Ein Problem der Migräne ist unter anderem die Komorbidität: Viele Patient:innen entwickeln aufgrund der häufigen Schmerztage einen Medikamentenübergebrauch, andere rutschen in eine Depression. Dadurch wird wiederum das Risiko einer Chronifizierung der Migräne gesteigert. Fremanezumab erwies sich bei Migränepatient:innen mit komorbider Depression sowie auch bei Migränepatient:innen mit Medikamentenübergebrauch als wirksam: Es wurden sowohl die Migränetage wie auch die Depressionssymptomatik verbessert. Derzeit wird mit der „Unite-Studie“ eine Untersuchung mit Migränepatient:innen durchgeführt, die gleichzeitig an einer schweren Depression leiden, um weitere Daten zu erhalten. Die Studien „Halo“ und „Focus“ zeigten zudem, dass eine Prophylaxe mit Fremanezumab auch bei Migränepatient:innen mit Medikamentenübergebrauch erfolgreich durchgeführt werden kann. „Bei einigen Patienten entfaltet sich die Wirkung von Fremanezumab sehr früh“, berichtet Holle-Lee. Es gebe aber auch Patient:innen, die erst spät auf die Therapie ansprechen.

Prophylaxe noch immer wenig verordnet

Doch im Praxisalltag kommt es oft zu Herausforderungen, wie Dr. Andreas Peikert berichtet. „Obwohl wir über gute Prophylaxe-Möglichkeiten verfügen, erhält auch heute noch nur ein Teil der Patienten, die für eine medikamentöse Prophylaxe infrage kommen, eine entsprechende vorbeugende Migränebehandlung.“ Untersuchungen zeigen, dass nicht alle Patient:innen eine korrekte Diagnose erhalten, viele befinden sich nicht einmal in ärztlicher Behandlung. Oft liegen die Schwerpunkte der Behandlung noch immer auf der Akuttherapie – hinsichtlich der Prophylaxe mit Antikörpern gegen CGRP oder dessen Rezeptor gebe es also noch erheblichen Aufklärungsbedarf.

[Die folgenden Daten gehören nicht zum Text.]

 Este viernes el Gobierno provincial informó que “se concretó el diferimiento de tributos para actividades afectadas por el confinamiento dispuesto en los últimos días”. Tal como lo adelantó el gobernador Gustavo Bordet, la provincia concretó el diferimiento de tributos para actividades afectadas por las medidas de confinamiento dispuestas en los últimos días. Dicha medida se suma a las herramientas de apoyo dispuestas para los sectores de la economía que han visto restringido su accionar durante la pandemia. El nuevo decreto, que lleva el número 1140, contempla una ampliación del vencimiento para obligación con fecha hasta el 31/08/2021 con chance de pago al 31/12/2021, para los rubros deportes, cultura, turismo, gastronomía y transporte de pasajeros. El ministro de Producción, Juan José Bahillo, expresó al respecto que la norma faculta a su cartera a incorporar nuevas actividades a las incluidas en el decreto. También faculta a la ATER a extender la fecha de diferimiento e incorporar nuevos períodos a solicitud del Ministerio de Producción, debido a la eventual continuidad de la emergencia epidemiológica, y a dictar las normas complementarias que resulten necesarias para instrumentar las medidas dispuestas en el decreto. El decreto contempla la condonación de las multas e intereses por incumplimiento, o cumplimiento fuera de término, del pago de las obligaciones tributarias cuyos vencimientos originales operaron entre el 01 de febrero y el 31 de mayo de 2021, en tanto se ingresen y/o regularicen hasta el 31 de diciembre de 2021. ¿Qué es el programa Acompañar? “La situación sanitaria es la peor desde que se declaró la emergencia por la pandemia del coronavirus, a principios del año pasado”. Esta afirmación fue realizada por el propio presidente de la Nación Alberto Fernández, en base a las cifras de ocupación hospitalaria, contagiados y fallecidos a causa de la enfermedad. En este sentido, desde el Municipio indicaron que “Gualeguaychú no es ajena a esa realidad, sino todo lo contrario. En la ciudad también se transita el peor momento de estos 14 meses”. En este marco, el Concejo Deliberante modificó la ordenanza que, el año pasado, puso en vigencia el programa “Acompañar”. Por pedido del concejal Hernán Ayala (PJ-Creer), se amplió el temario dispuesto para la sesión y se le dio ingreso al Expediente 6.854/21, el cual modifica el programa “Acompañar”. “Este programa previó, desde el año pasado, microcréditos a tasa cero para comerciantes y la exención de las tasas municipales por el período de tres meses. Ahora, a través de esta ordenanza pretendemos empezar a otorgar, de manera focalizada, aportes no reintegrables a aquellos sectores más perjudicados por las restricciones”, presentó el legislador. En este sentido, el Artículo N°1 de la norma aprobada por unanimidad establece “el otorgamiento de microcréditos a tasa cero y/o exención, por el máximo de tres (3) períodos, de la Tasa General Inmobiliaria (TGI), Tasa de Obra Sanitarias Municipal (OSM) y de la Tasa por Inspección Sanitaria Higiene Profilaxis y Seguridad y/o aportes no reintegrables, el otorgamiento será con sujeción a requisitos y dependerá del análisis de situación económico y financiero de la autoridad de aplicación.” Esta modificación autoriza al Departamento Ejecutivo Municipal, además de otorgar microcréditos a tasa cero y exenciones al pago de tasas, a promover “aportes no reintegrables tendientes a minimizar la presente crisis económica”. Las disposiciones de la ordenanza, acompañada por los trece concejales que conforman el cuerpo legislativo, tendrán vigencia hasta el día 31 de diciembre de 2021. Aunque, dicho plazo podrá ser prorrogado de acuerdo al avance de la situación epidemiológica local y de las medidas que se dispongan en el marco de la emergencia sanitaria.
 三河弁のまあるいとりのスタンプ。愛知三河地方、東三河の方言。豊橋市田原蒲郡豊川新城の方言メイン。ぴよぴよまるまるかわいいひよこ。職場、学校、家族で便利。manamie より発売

Viele Ärzt:innen scheuen sich noch immer vor der Verordnung. Wirtschaftliche Bedenken bei der Verschreibung eines monoklonalen Antikörpers gegen CGRP oder dessen Rezeptor zur Migräneprophylaxe seien jedoch unbegründet, meint Peikert. Da sie – bei Beachtung einiger weniger Faktoren – als wirtschaftlich gelten: Nämlich dann, wenn die Patient:innen nicht auf die medikamentösen Therapien mit Betablockern, Kalziumkanalblockern, Antidepressiva, Antikonvulsiva sowie Botulinumtoxin A ansprechen. „Die Patienten, die bei uns in der Neurologie vorstellig werden, haben in der Regel bereits mehrere prophylaktische Vortherapien durchlaufen.“

Im Februar hatte Teva die Preissenkung von Ajovy bekanntgegeben, um die Therapie noch mehr geeigneten Patient:innen zukommen lassen zu können. Der neue AVP liegt bei 444,70 Euro pro Fertigpen beziehungsweise Fertigspritze. Das entspricht einer Senkung von rund fünf Prozent. Die Jahrestherapiekosten belaufen sich dadurch nun auf 5.248,04 Euro – unabhängig ob die monatliche oder Quartalsdosierung verordnet wird.

Der erste in Deutschland zugelassene CGRP-Antikörper war Erenumab (Aimovig, Novartis) im November 2018. Es folgte Galcanezumab (Emgality, Lilly) im April 2019. Ajovy (Fremanezumab) von Teva kam im Mai 2019 hinzu. Die Wirkung der Therapien basiert auf der Bindung an den Liganden des CGRP (Calcitonin Gene-Related-Peptide), das bei Migräneanfällen vermehrt im synaptischen Spalt ausgeschüttet wird.